В первый вечер в Асконе они ужинали поздно, при свечах. Проспер посмотрел через стол на дочь и протянул ей коробочку.
— Я всегда собирался тебе это отдать, — сказал он. — Это обручальное кольцо твоей матери. Тебе ведь нужно будет носить кольцо.
Кольцо было узкое, золотое, тонкой работы, украшенное двумя сцепленными руками. Флоренция примерила его: оно оказалось ей впору.
— Ты на нее очень похожа, — сказал отец. — Здесь, в Италии, ты выглядишь итальянкой.
Он начал что-то говорить, искренне и неловко, о том, что это кольцо хранит владельца и приносит удачу. А потом вспомнил, как умерла Джулия, и готов был проглотить свои слова. Флоренция повернула кольцо, и оно засияло в мягком свете.
— Я буду его беречь, — сказала она. — Папа, ты так добр ко мне, а я была такая плохая и непослушная.
Но читать она не стала. Ее охватила летаргия беременности, и она просиживала на террасе, глядя на гору и почти ничего не делая. Мимо проходили люди. Солидные итальянские крестьяне в черных одеждах гнали стада коз и овец. Странные природопоклонники — бородатые, улыбающиеся, в очках, с ореховой кожей и голыми щиколотками, торчащими из домодельных сандалий под подолами хламид, в которых было что-то библейское. Женщины в вышитых платьях, с цветами в волосах. Бродячие музыканты с лютнями. Торопливые, деловитые священники. Толстые кюре. Флоренция почти не разбирала акцента Амалии и наконец поняла, что молодая женщина выучила несколько итальянских слов сверх своего родного диалекта и может говорить простые, необходимые вещи, но не поддерживать разговор.
Флоренция ходила в клинику — сначала ездила на двуколке с пони, потом стала ходить пешком — и там целыми днями очищала организм овощными соками и водой, принимала солнечные ванны, лежа в льняной рубахе на длинном диванчике с филенчатой спинкой. У доктора были добрые руки. Он сказал ей, что она должна воздержаться от употребления любой животной пищи. Он понял положение Флоренции и, как она подумала, осудил ее. Флоренция пала духом, ибо как ей было не пасть духом? Но тут явился неожиданный спаситель.
Некоторые люди в клинике были на особом положении — не врачи, не пациенты и не слуги; они, по-видимому, работали здесь в обмен на психиатрическую и медицинскую помощь. Врач спросил Флоренцию, не думает ли она, что психиатрия ей поможет, и Флоренция отказалась — с силой, которой в себе не ощущала. Ее самостоятельность была под ужасной угрозой — из-за Метли, из-за растущего в ней существа, из-за ее зависимого положения. Флоренция не хотела ни с кем разговаривать и не хотела, чтобы с ней разговаривали. Она дочь солдата. Она старалась держать спину. Она чувствовала, что растворяется, превращается в желе, но не хотела, чтобы кто-либо это видел.

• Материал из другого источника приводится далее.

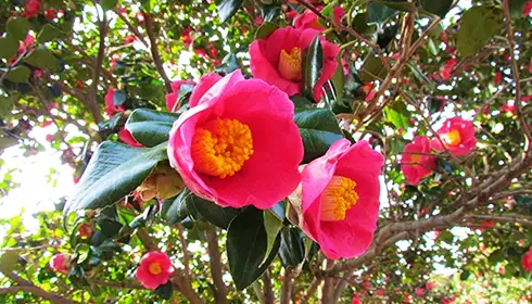 Die Inseln von Tokyo feiern ihre atemberaubende Blumenpracht bei jährlichen Festen. Beim Kamelien-Fest Izu Oshima Tsubaki Matsuri bietet sich Ihnen die Möglichkeit, das Färben mit Kamelienblüten auszuprobieren. Und beim Freesien-Fest auf der Insel Hachijojima können Sie eine Teezeremonie im Freien genießen, während Sie den Blick über die farbenfrohen Blüten schweifen lassen, und im Freesien-Café lokale Süßigkeiten verkosten.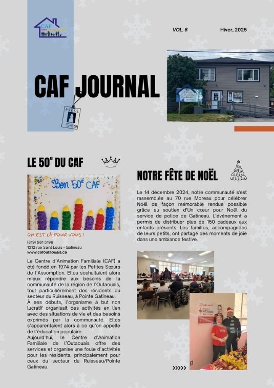 Le Centre d’Animation Familiale (CAF) offre de nombreux services et activités aux résidents de l’Outaouais.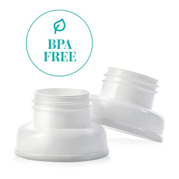 Pump directly into your Evenflo Feeding Balance + Wide Bottles with the Evenflo Feeding Balance + Pump Adapters. These adapters will help you save time and avoid messy transfer spills. The Balance + Pump Adapters are compatible with all Evenflo Feeding Advanced Breast Pumps and most other standard neck breast pump brands. Simply screw the adapter into your pump flange base, attach your Balance + Wide Bottle, and begin pumping. The adapters are free of BPA, polycarbonates, PVC and phthalates, and they are made of FDA-approved food grade material.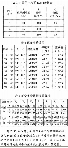 由上述单因子实验得出整理后织物保暖性较好的自清洁整理参数,为了确定复合功能整理使保暖性损失最低的最佳整理工艺,我们对其进行正交实验并测定织物保暖率和克罗值。根据上述单因子实验结果和规律分析,制定已经过抗菌整理的织物进行自清洁整理的三因子三水平见表3,正交实验结果见表4.极差分析见表5。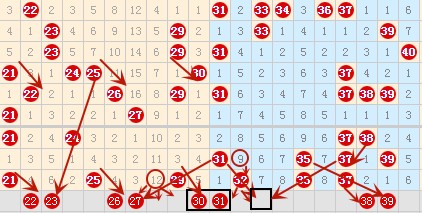 上图中22号数字我们已经追了2期,本期当然不能放弃,如果本期还不出号,我们在放弃已不迟,23号数字以前面的24 25号数字形成了三斜连,又是空三出号的中心号,所以我们要重点关注。28号数字这个冷号上期开了它的邻号29号数字,那么本期它的邻号开出几率就下降了,所以我们做防守就可以了。上期开出了32号这个小冷号,本期我们就要注意它的邻号和重号情况了,所以我们可以从30 31 33中选一胆码了。上期开出的35 37号都属于重号,本期应该是要断了,所以我们可以从它们的邻号下手,重点参考38 39号数字吧。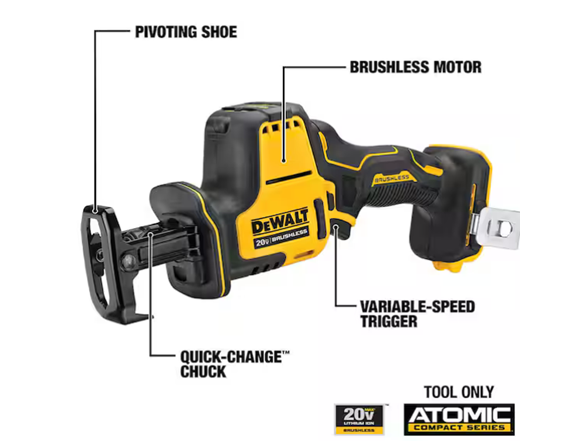 In the box: (1) DEWALT DCS369B ATOMIC 20V MAX Cordless Brushless Compact Reciprocating Saw Tool Only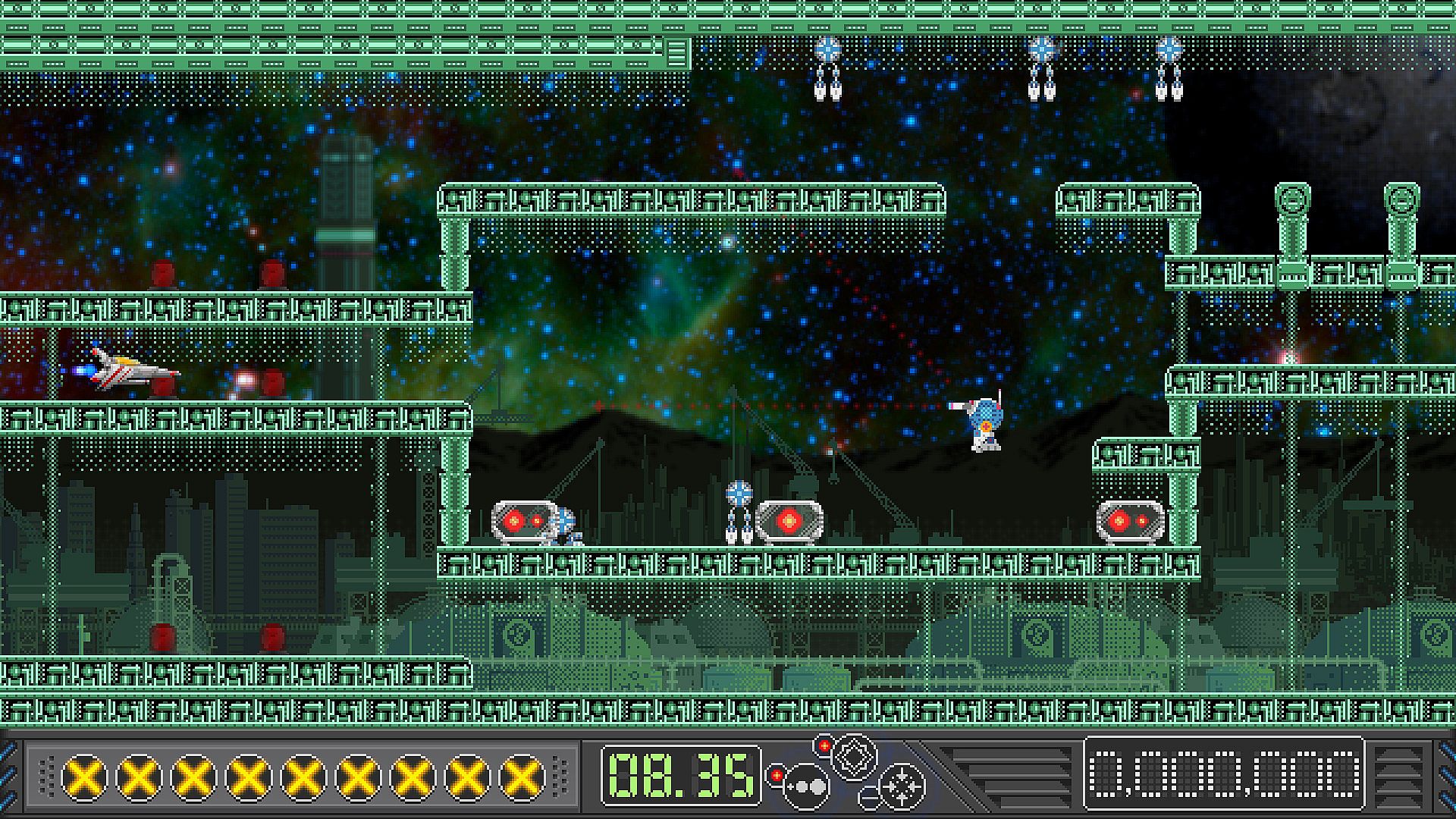 The fight ranges across 50 stages, spanning five environment types: cities, ruins, the asteroid belt, factories, and, if you’re good enough, the enemy headquarters.

У одного из помощников в клинике была огромная копна спутанных золотых волос, как у льва или одуванчика, относительно аккуратная борода, которую он время от времени подстригал, и кроткое, голубоглазое, слегка отсутствующее лицо. Он ходил в чем-то вроде белого больничного халата и в сандалиях. Он поправлял подушки под спиной у Флоренции и клал их именно так, как надо. Он замечал, когда ее начинало тошнить, и замечал, когда ее желудок успокаивался, и приносил ей овощной суп, который явно выиграл бы от добавления масла и соли, но все же был съедобен.
— На этой неделе не так тошнит, — как-то раз объявил помощник по-английски. — Теперь будет легче.
В другой раз он сказал ей:
— Вам одиноко.
Если бы он спросил, она бы отрицала. Но это была констатация факта.
— Вам нужен хлеб, — сказал он. — Вы голодны.
Он всегда оказывался прав. Он представился Габриэлем Гольдвассером. Он оказался австрийцем.
— Я учился на психоаналитика, — сказал он.
— А теперь?
— А теперь я прихожу в себя после обучения на психоаналитика.
Они подружились. Очень осторожно, вежливо подружились.
— Здесь вам должны оказывать почести, — сказал он ей. — Солнцепоклонники там, в деревне, хотят вернуться к древнему матриархату. Долой бородатых отцов, которые суть корень всех зол.
— Мне здесь не место, — сказала Флоренция. — Моя мать была итальянка, но она умерла, когда я родилась.
Она замолчала, думая о смерти в родах. Габриэль Гольдвассер ответил на ее невысказанную мысль.
— Здешние врачи — хорошие, — сказал он. — Это хорошая клиника. Вы в хороших руках. Где же ваше место?
— В Музее.
— Вы молоды, не стары.
— Нет, я имею в виду — в буквальном смысле. Я выросла в Музее. Мой отец работает там хранителем. Он все знает про золото и серебро.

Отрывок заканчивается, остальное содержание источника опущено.